Pictures do not belong in the copy. Output exactly the lines from the one containing "Puzdro Tango Two-in-One" to the end of the listing below.

▶ _STORED DATA_:
^^^^^^^^^^^^^^^^
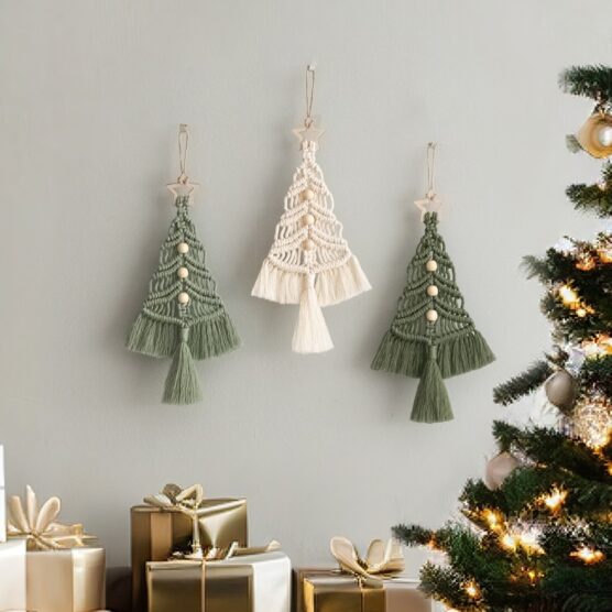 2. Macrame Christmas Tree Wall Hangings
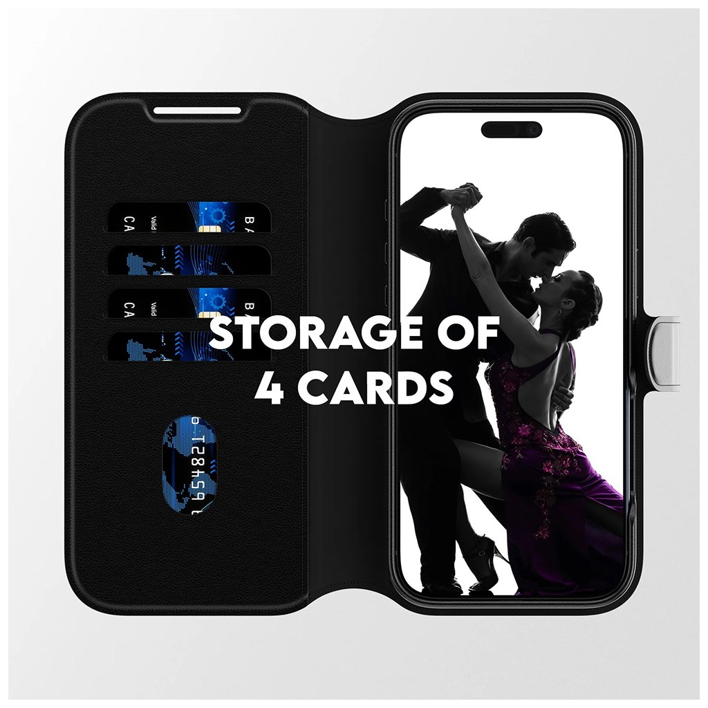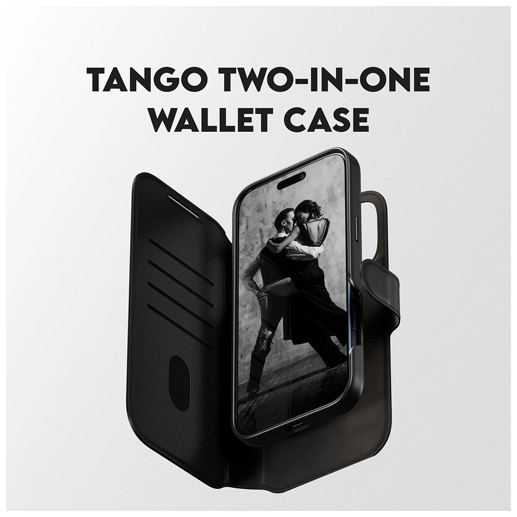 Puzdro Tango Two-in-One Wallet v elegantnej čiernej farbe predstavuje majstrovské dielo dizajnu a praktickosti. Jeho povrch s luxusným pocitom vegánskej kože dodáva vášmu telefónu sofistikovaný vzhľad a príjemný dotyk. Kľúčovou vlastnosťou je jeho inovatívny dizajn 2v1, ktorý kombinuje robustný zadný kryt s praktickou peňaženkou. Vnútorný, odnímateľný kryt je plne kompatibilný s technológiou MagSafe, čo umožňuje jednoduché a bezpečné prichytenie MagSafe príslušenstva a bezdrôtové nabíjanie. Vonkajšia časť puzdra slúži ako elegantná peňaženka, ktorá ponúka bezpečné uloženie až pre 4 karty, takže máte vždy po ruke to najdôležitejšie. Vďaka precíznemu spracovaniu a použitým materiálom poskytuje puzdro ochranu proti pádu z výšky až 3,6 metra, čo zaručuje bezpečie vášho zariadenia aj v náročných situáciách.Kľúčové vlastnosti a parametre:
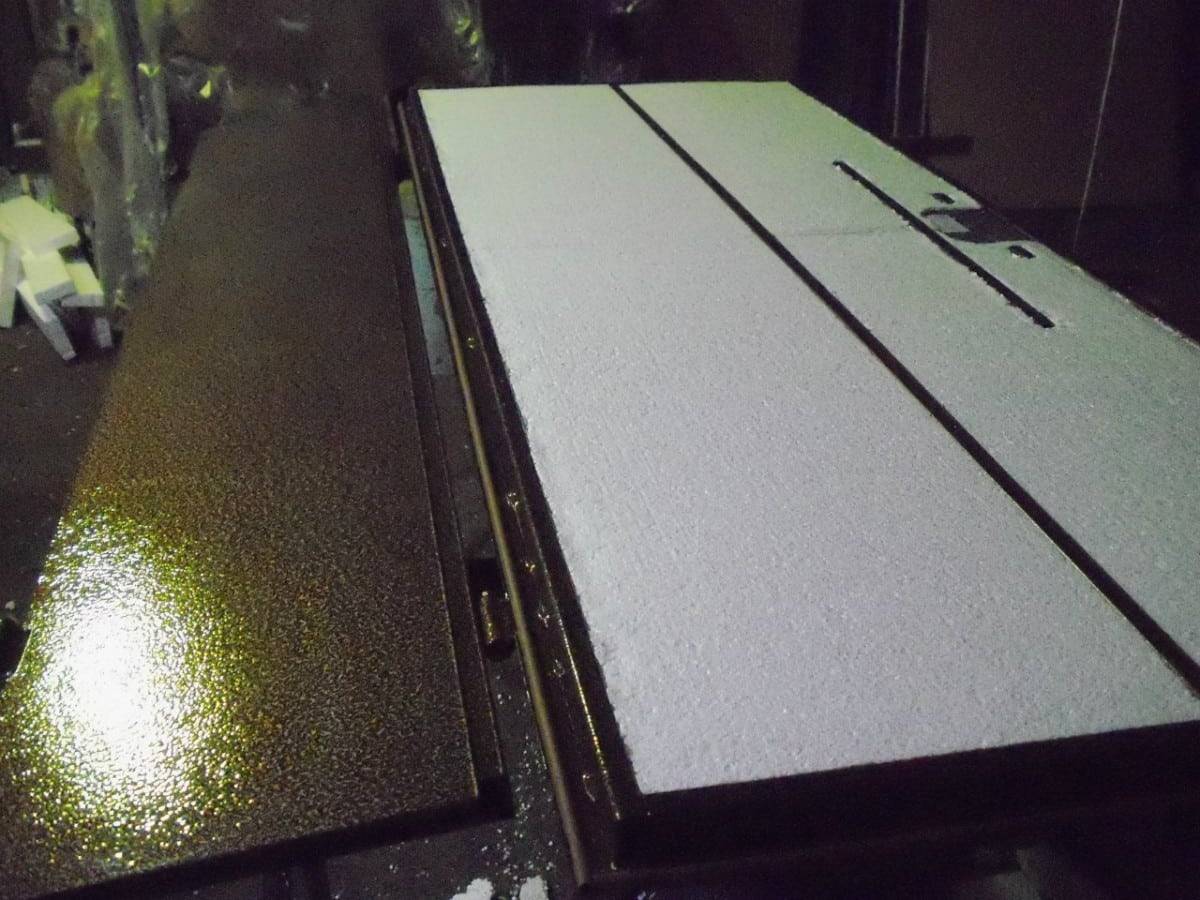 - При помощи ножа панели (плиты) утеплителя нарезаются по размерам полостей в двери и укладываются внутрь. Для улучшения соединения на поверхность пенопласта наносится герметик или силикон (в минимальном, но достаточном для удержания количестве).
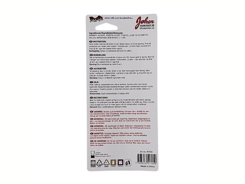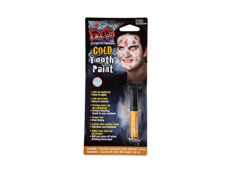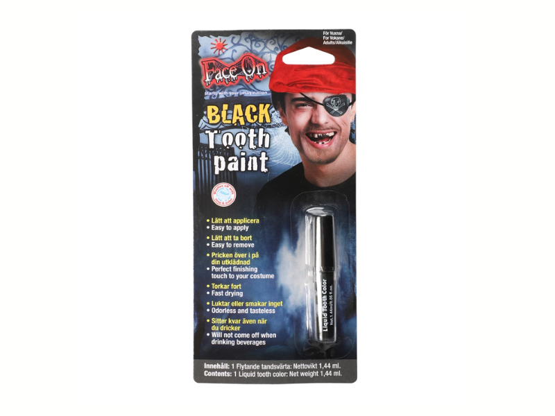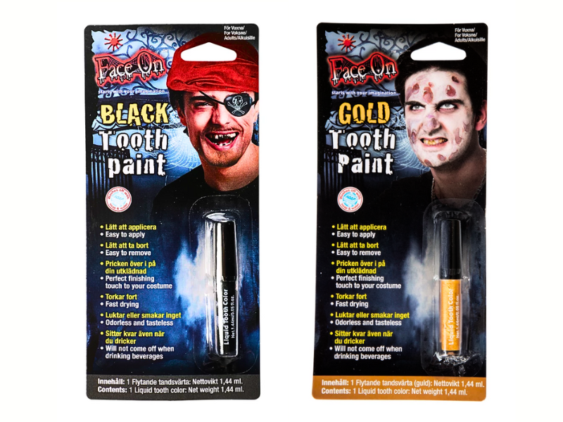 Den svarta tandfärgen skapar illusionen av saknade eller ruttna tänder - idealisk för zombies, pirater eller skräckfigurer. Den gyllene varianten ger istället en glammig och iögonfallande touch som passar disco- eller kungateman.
^^^^^^^^^^^^^^^^
▶ _SOLUTION_:
 Puzdro Tango Two-in-One Wallet v elegantnej čiernej farbe predstavuje majstrovské dielo dizajnu a praktickosti. Jeho povrch s luxusným pocitom vegánskej kože dodáva vášmu telefónu sofistikovaný vzhľad a príjemný dotyk. Kľúčovou vlastnosťou je jeho inovatívny dizajn 2v1, ktorý kombinuje robustný zadný kryt s praktickou peňaženkou. Vnútorný, odnímateľný kryt je plne kompatibilný s technológiou MagSafe, čo umožňuje jednoduché a bezpečné prichytenie MagSafe príslušenstva a bezdrôtové nabíjanie. Vonkajšia časť puzdra slúži ako elegantná peňaženka, ktorá ponúka bezpečné uloženie až pre 4 karty, takže máte vždy po ruke to najdôležitejšie. Vďaka precíznemu spracovaniu a použitým materiálom poskytuje puzdro ochranu proti pádu z výšky až 3,6 metra, čo zaručuje bezpečie vášho zariadenia aj v náročných situáciách.Kľúčové vlastnosti a parametre:
 - При помощи ножа панели (плиты) утеплителя нарезаются по размерам полостей в двери и укладываются внутрь. Для улучшения соединения на поверхность пенопласта наносится герметик или силикон (в минимальном, но достаточном для удержания количестве).
 Den svarta tandfärgen skapar illusionen av saknade eller ruttna tänder - idealisk för zombies, pirater eller skräckfigurer. Den gyllene varianten ger istället en glammig och iögonfallande touch som passar disco- eller kungateman.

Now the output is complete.